US District Court for the District of New Jersey Dismisses Data Breach Class Action on Lack of Article III Standing

In re Horizon Healthcare Services, Inc. Data Breach Litigation was a class action law suit arising out of the theft of two of Horizon’s password-protected laptops that contained the personal information of more than 839,000 of Horizon’s members. Horizon is a national health care insurance provider. The data maintained on the laptops included names, dates of birth, Social Security numbers, addresses, medical histories, and the insurance information of Horizon’s members. Withinone month of the theft, Horizon notified the potentially affected members of the theft and offered free credit monitoring and identity theft protection for those members whose Social Security numbers were on the stolen laptops.

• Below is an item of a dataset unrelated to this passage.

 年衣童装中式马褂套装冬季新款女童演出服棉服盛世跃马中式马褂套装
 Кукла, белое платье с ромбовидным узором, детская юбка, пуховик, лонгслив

Four named plaintiffs filed a putative class action on their own behalf and on behalf of other members whose information was on the stolen laptops asserting allegations under the Fair Credit Reporting Act, 15 U.S.C. § 1681, et seq. (“FCRA”), as well as New Jersey state law causes of action.

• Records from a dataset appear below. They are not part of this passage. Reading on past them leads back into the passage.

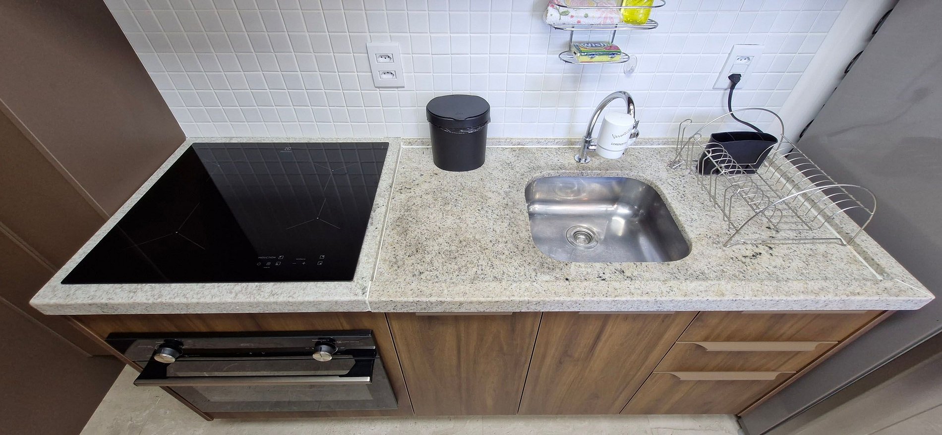 - Mesa con 4 sillas, refrigerador duplex, horno eléctrico, cocina de inducción con 4 quemadores, filtro de agua, microondas, sandwichera, licuadora, cafetera eléctrica, sartenes, cubiertos, platos, utensilios básicos de cocina y plancha.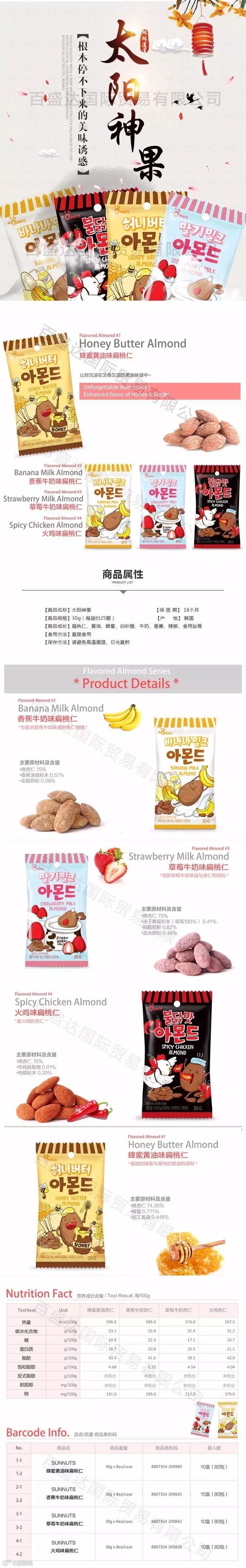 导读:威海百盛达新品推荐:来自韩国原装进口的太阳神果sunnuts火鸡味/黄油蜂蜜味/香蕉牛奶味/草莓牛奶味扁桃仁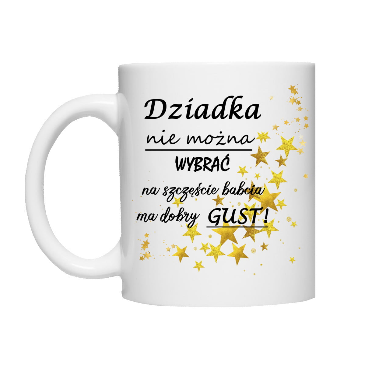 Kubek biały, ceramiczny drukowany metodą sublimacji.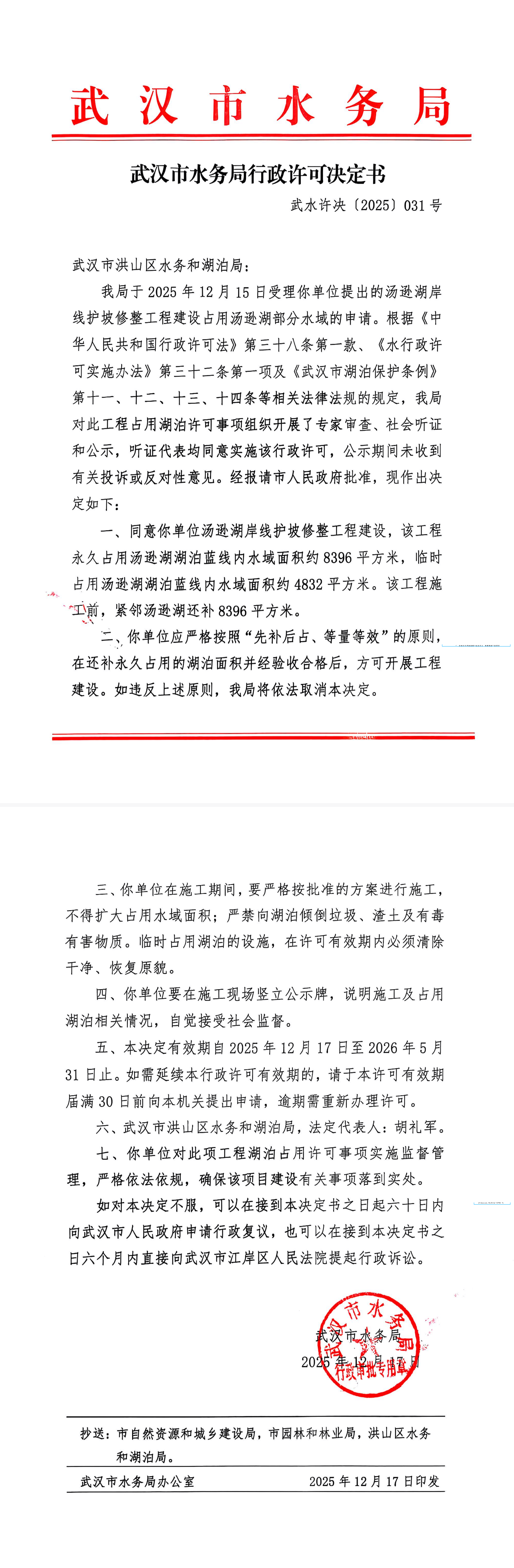 武汉市洪山区水务和湖泊局行政许可决定书 武水许决〔2025〕第031号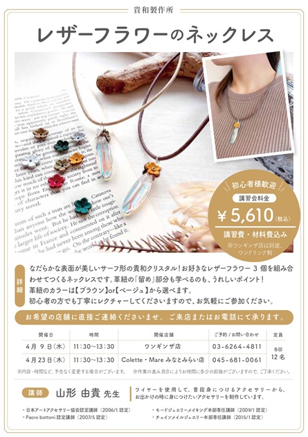 ワイヤーワーク講習会のお知らせ(4/9・23 開催)

Horizon filed a 12(b)(1) motion to dismiss arguing the Plaintiffs’ lack of Article III constitutional standing.

Similar to other recent rulings, In ruling that all four named Plaintiffs failed to establish standing to assert their claim under the FCRA, the Court found that three out of the four named Plaintiffs did not allege that they suffered any specific harm as a result of the data breach.

These Plaintiffs sought to rely on the premiums paid by them as a form of economic injury since the premiums were, in part, allocated to database protection. Plaintiffs cited Resnick v. AvMed, Inc., 693 F.3d 1317 (11th Cir. 2012), in their opposition to Horizon’s motion. In Resnick, the 11th Circuit Court of Appeals held that members who paid the health care company for data security through monthly payments and whose data was contained on the two laptops stolen from a health care company satisfied Article III standing. The Court, however, distinguished the Horizon plaintiffs from those in Resnick, since the Horizon plaintiffs did not claim that they were careful about guarding their sensitive information or that they suffered any monetary losses or injuries such as identity theft or identity fraud.

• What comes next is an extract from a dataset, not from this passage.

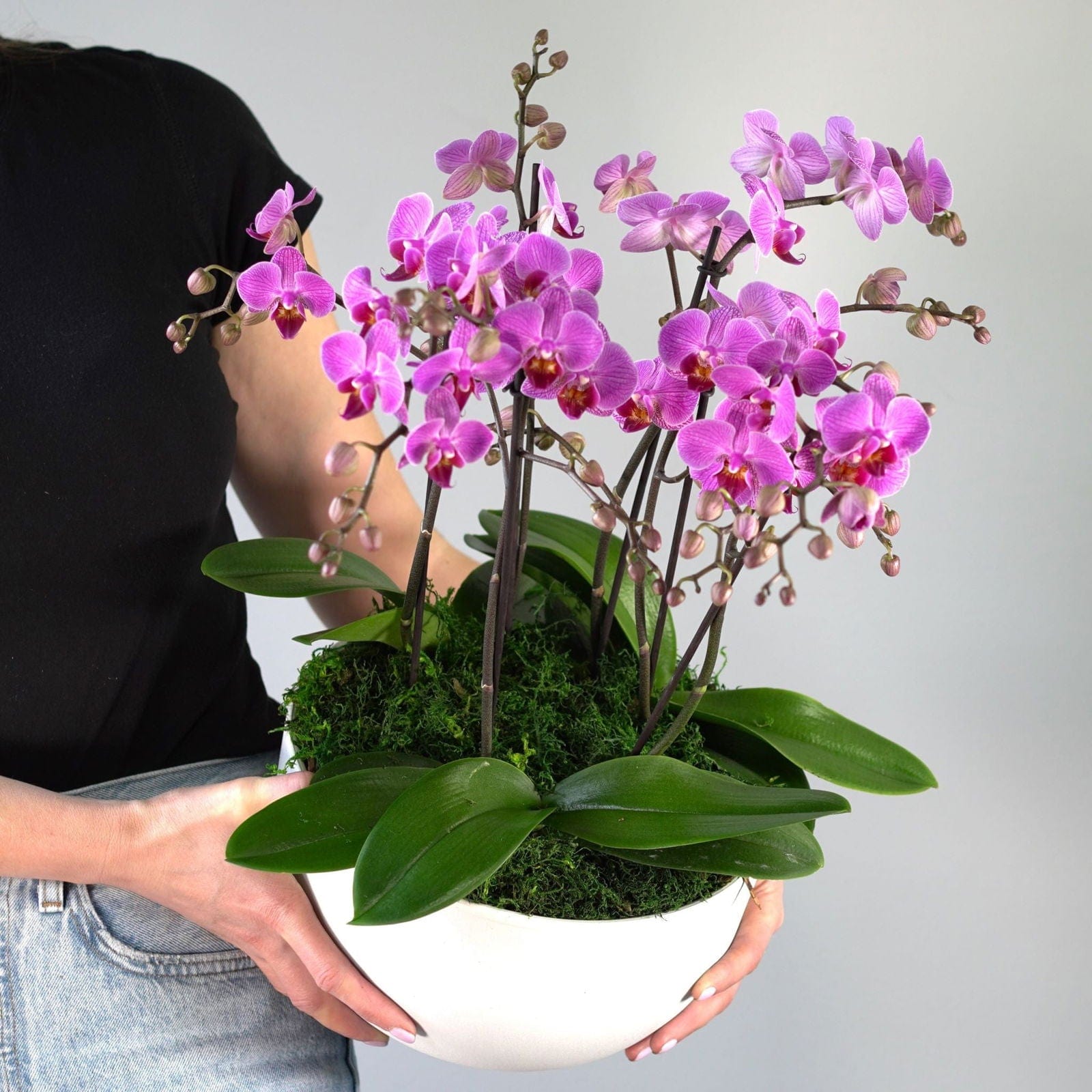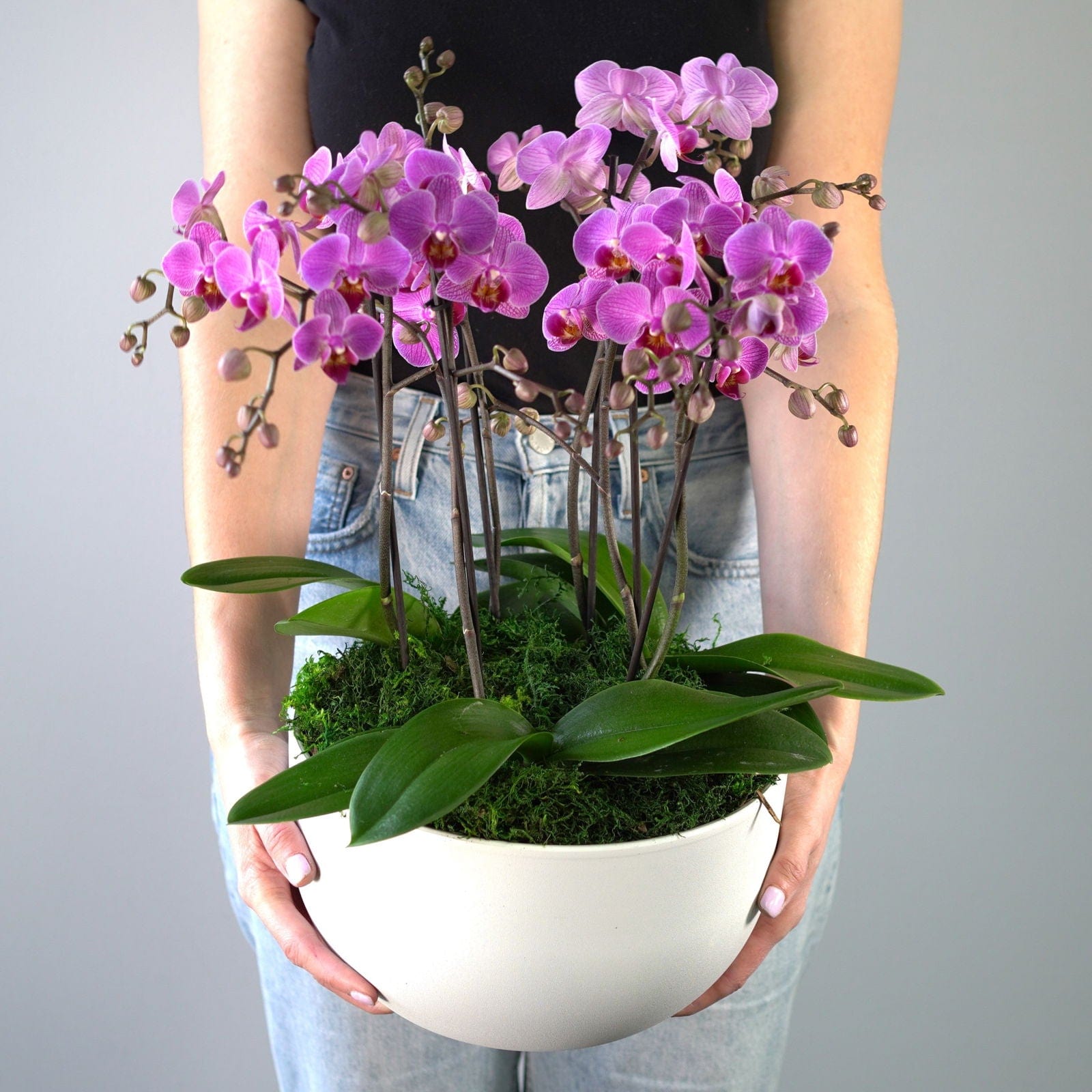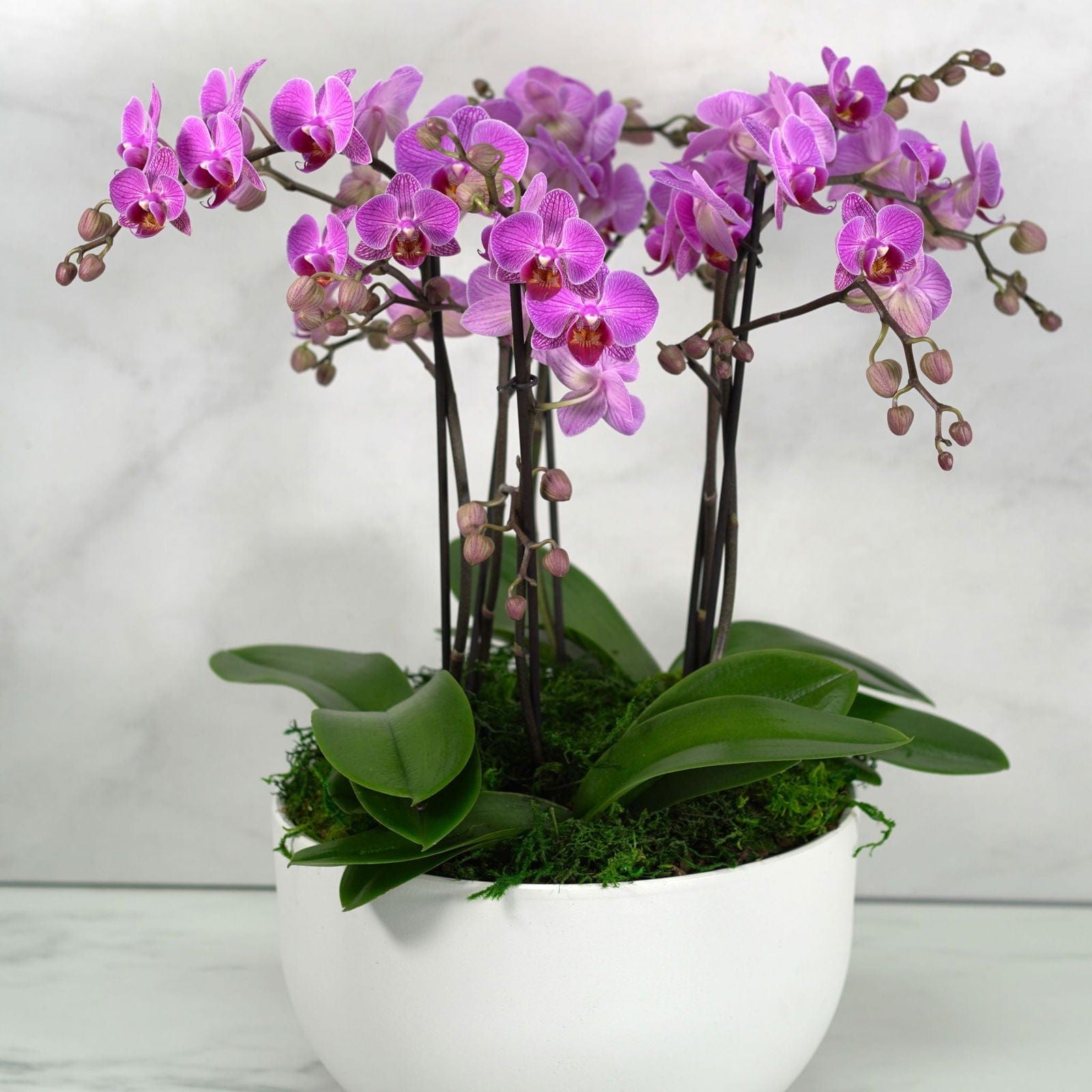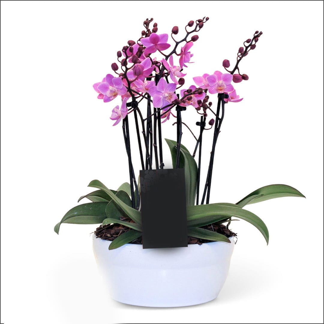 A striking ensemble that brings the beauty of orchids into your surroundings. This arrangement showcases lush orchid blooms nestled in an elegant planter bowl, exuding a sense of luxury and style. Whether gracing your home or given as a thoughtful gift, these orchids make a statement of timeless elegance and admiration.

The Court also rejected the Plaintiffs’ argument that the violation of statute or common law alone is sufficient to establish constitutional standing since standing requires proof of an actual injury, not merely a violation of a statute.

The Court reiterated that “an increased risk of identity theft resulting from a security breach [is][] insufficient to secure standing,” and rejected the Plaintiffs’ attempt to rely on hypothetical future injury as a basis for standing.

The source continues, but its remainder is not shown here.